* _What is needed_
The lines from the beginning of the records below through the one holding "Совет адвокатов Адвокатуры" are to be copied exactly; leave the pictures out.

Source data
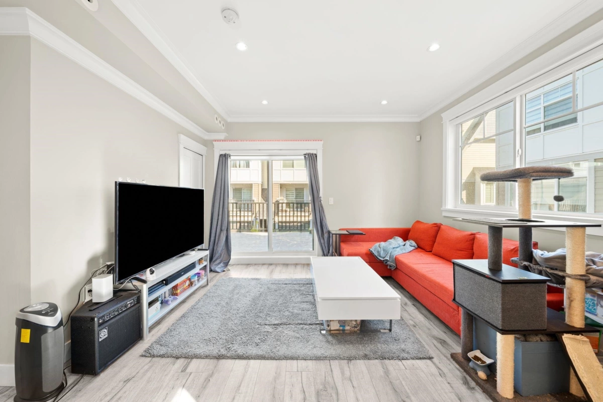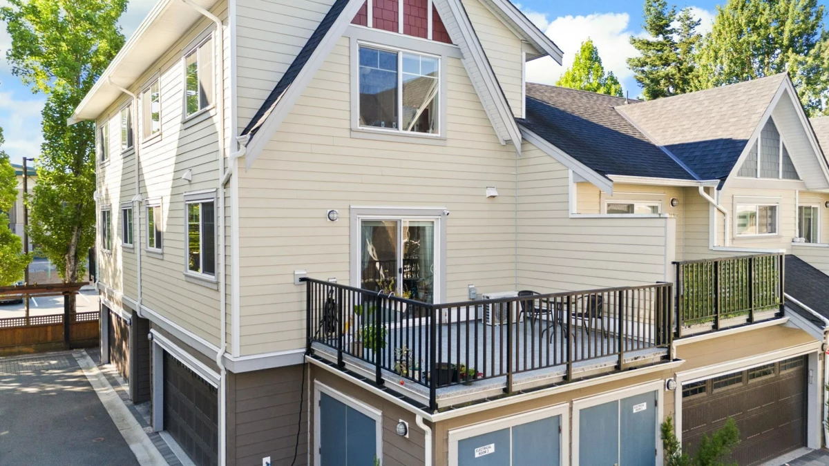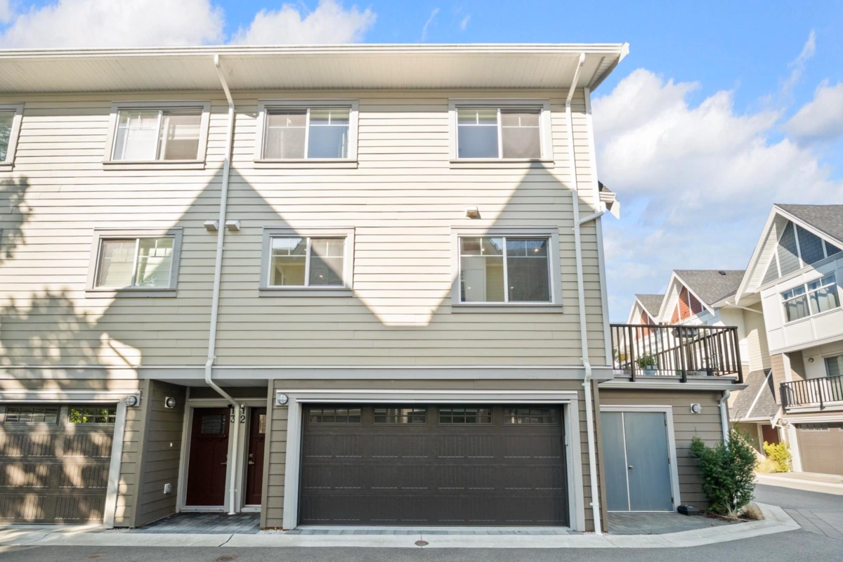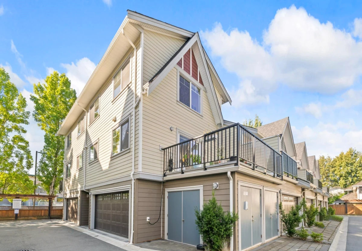 A True Gem in "SERENE Townhome"! Welcome to a stunning-spacious north-east CORNER 2 bed (both ensuites) 2.5 bath townhome features a huge private patio & double SIDE-BY-SIDE garage. The open-concept floorplan boasts soaring 9-FOOT ceilings (main & above) & gourmet kitchen w/ premium Fisher & Paykel appliances (gas cooktop, french-door fridge, dual-drawer dishwashers), LED lighting, jetted-bathtub, security system, central vacuum. Enjoy year-round comfort w/ central A/C, heating. No pets restriction! Perfectly located, this home is close to shopping, major hwys, bus routes. Just 1 block from Garden City Park & within walking distance of both Henry Anderson Elementary & MacNeil Secondary. This is a rare opportunity for a perfect blend of luxury & convenience. Book your private showing now!
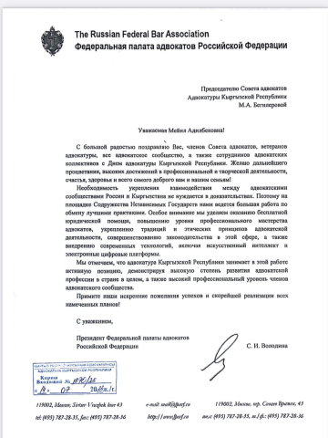 Совет адвокатов Адвокатуры Кыргызской Республики выражает глубокую благодарность Палате адвокатов Российской Федерации за внимание и тёплые поздравления.
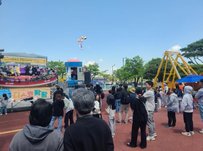 요천 수변공원에는 40m 규모의 초대형 메가 에어바운스를 비롯한 총 22개의 체험 부스가 설치되어 어린이 방문객들에게 잊지 못할 즐거움을 선사한다.
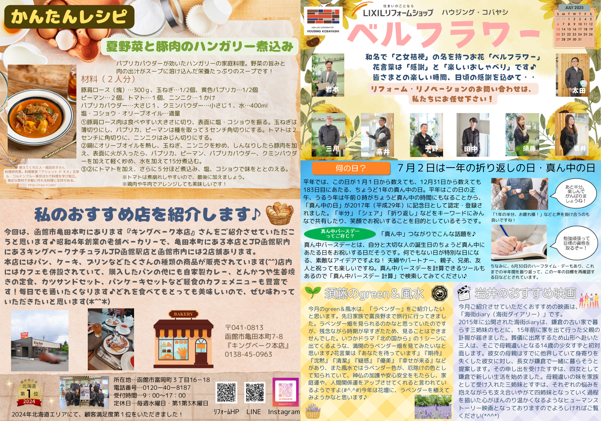 住まいメイトが手作りしているニュースレター「ベルフラワー」の7月号が完成いたしました!施工事例や暮らしのちょっとした豆知識、かんたんレシピなど様々な情報を載せております♪
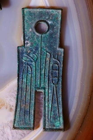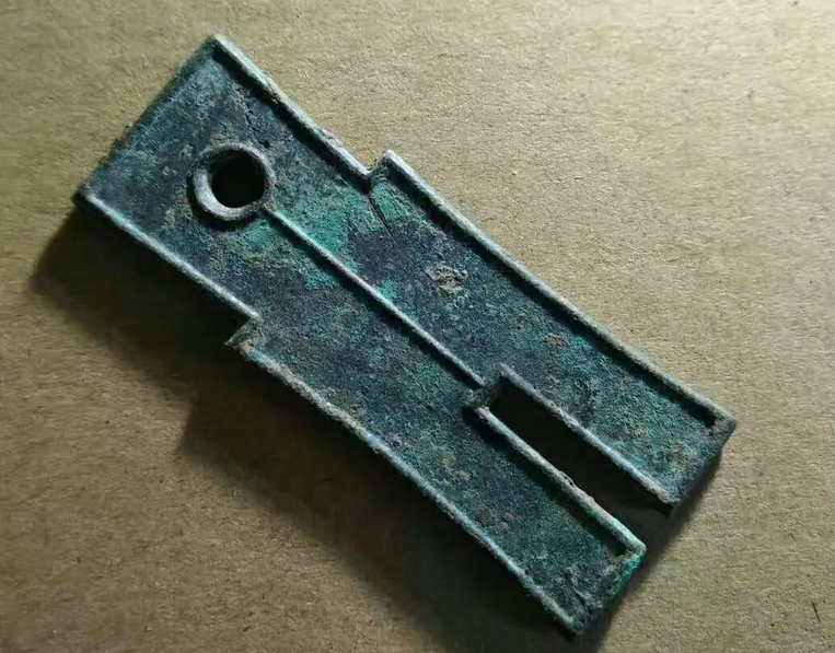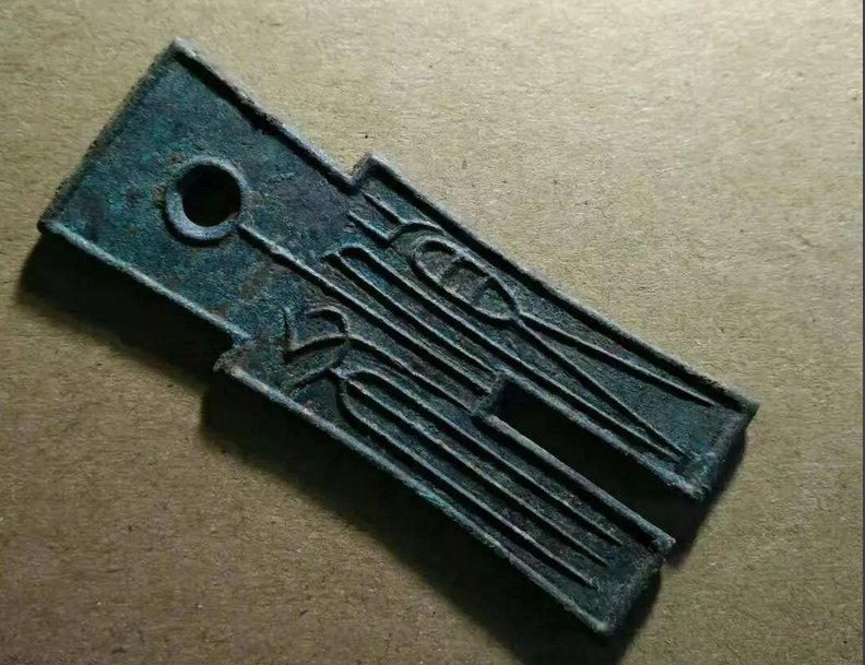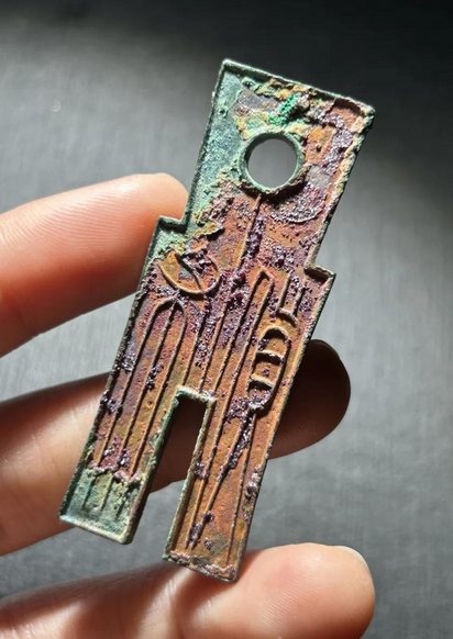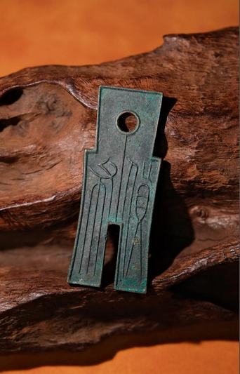 从形制上看,货布继承了战国时期布币的传统造型,却在规整度与精美度上实现了质的飞跃,堪称布币形制的“终极进化版”。它整体呈铲状,造型修长挺拔,首部有一圆形穿孔,便于穿绳携带,钱身中部至足部有一条凸起的脊线,将币面均匀分割,轮廓分明、线条流畅。货布的尺寸与重量极为标准,通常长约5.6至5.8厘米,平均重量16.5克,肩窄束腰、方足平阔,每一处细节都经过精心设计,既保留了古代布币“象物取形”的古朴韵味,又融入了新朝追求规整、对称的审美情趣,展现出高超的铸造工艺。这种严谨的形制设计,不仅让货布具备了实用的货币功能,更使其成为一件兼具实用性与艺术性的青铜艺术品,与同期粗糙的流通货币形成了鲜明对比。

* _Response_
 A True Gem in "SERENE Townhome"! Welcome to a stunning-spacious north-east CORNER 2 bed (both ensuites) 2.5 bath townhome features a huge private patio & double SIDE-BY-SIDE garage. The open-concept floorplan boasts soaring 9-FOOT ceilings (main & above) & gourmet kitchen w/ premium Fisher & Paykel appliances (gas cooktop, french-door fridge, dual-drawer dishwashers), LED lighting, jetted-bathtub, security system, central vacuum. Enjoy year-round comfort w/ central A/C, heating. No pets restriction! Perfectly located, this home is close to shopping, major hwys, bus routes. Just 1 block from Garden City Park & within walking distance of both Henry Anderson Elementary & MacNeil Secondary. This is a rare opportunity for a perfect blend of luxury & convenience. Book your private showing now!
 Совет адвокатов Адвокатуры Кыргызской Республики выражает глубокую благодарность Палате адвокатов Российской Федерации за внимание и тёплые поздравления.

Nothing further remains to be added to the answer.